▶ _Your objective_:
Write out the entries below exactly, but only from the line containing "Lodge & Shipley" through the line containing "Perfektní tmavě modrá", and without the pictures.

::: Stored data :::

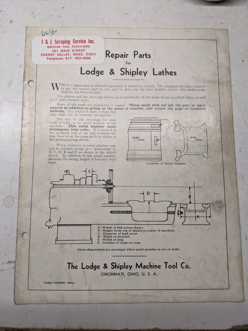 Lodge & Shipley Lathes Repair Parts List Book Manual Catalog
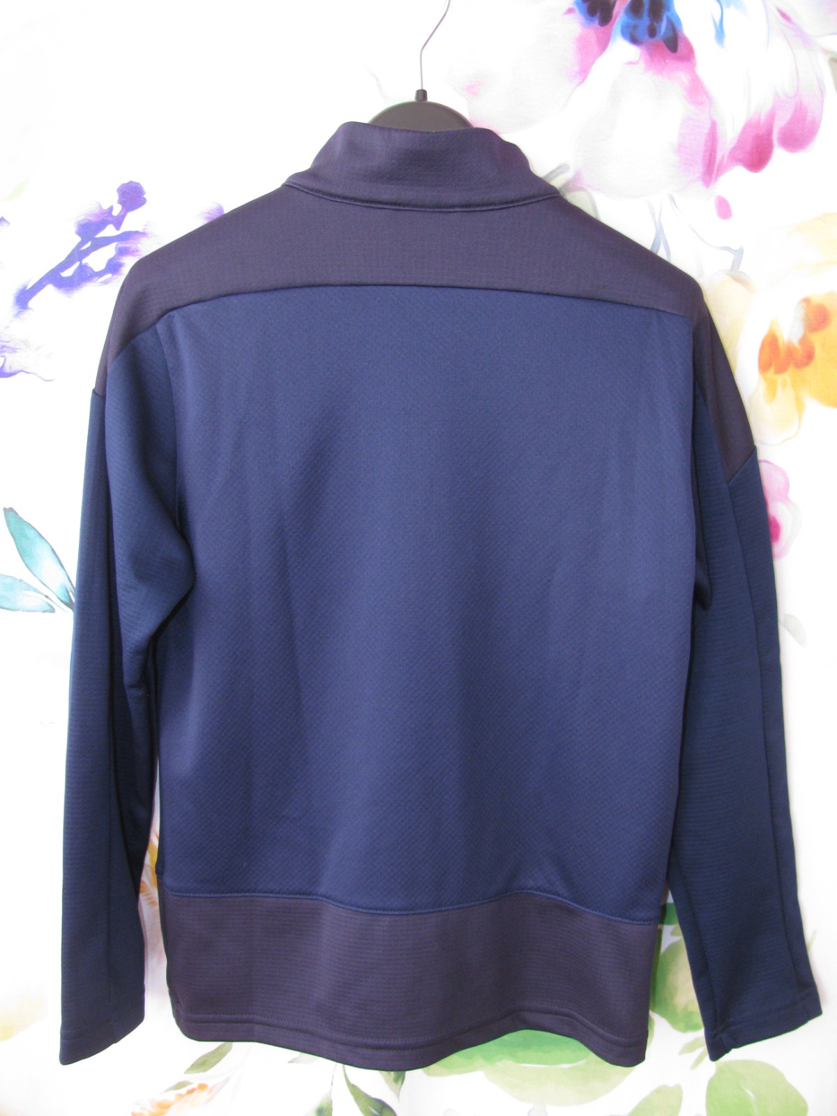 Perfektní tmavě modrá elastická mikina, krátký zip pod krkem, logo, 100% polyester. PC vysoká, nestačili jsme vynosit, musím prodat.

:::
::: Stored data :::

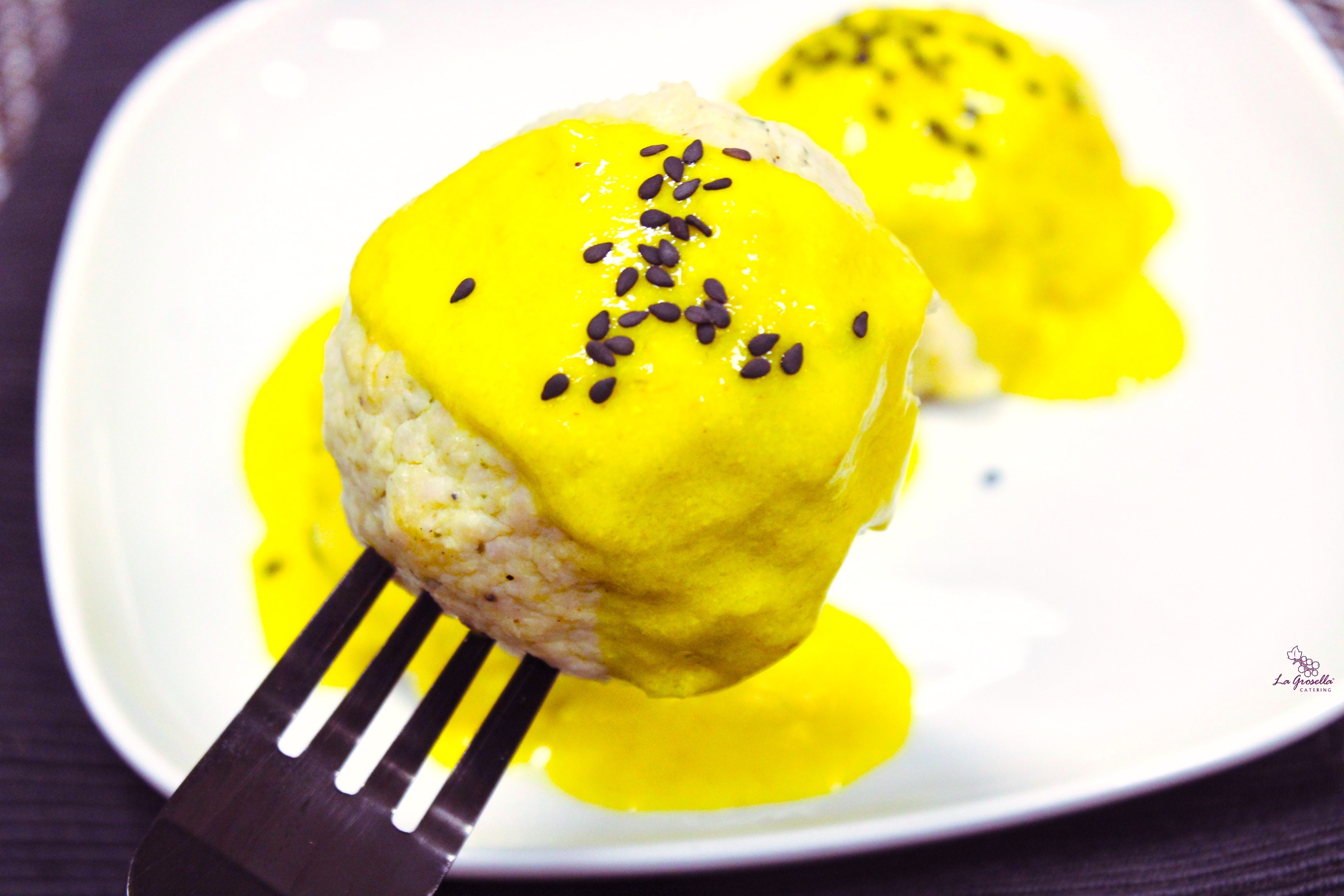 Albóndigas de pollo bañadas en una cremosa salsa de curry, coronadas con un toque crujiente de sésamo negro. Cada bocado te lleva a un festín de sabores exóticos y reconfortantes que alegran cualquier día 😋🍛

:::

▶ _Output_:
 Lodge & Shipley Lathes Repair Parts List Book Manual Catalog
 Perfektní tmavě modrá elastická mikina, krátký zip pod krkem, logo, 100% polyester. PC vysoká, nestačili jsme vynosit, musím prodat.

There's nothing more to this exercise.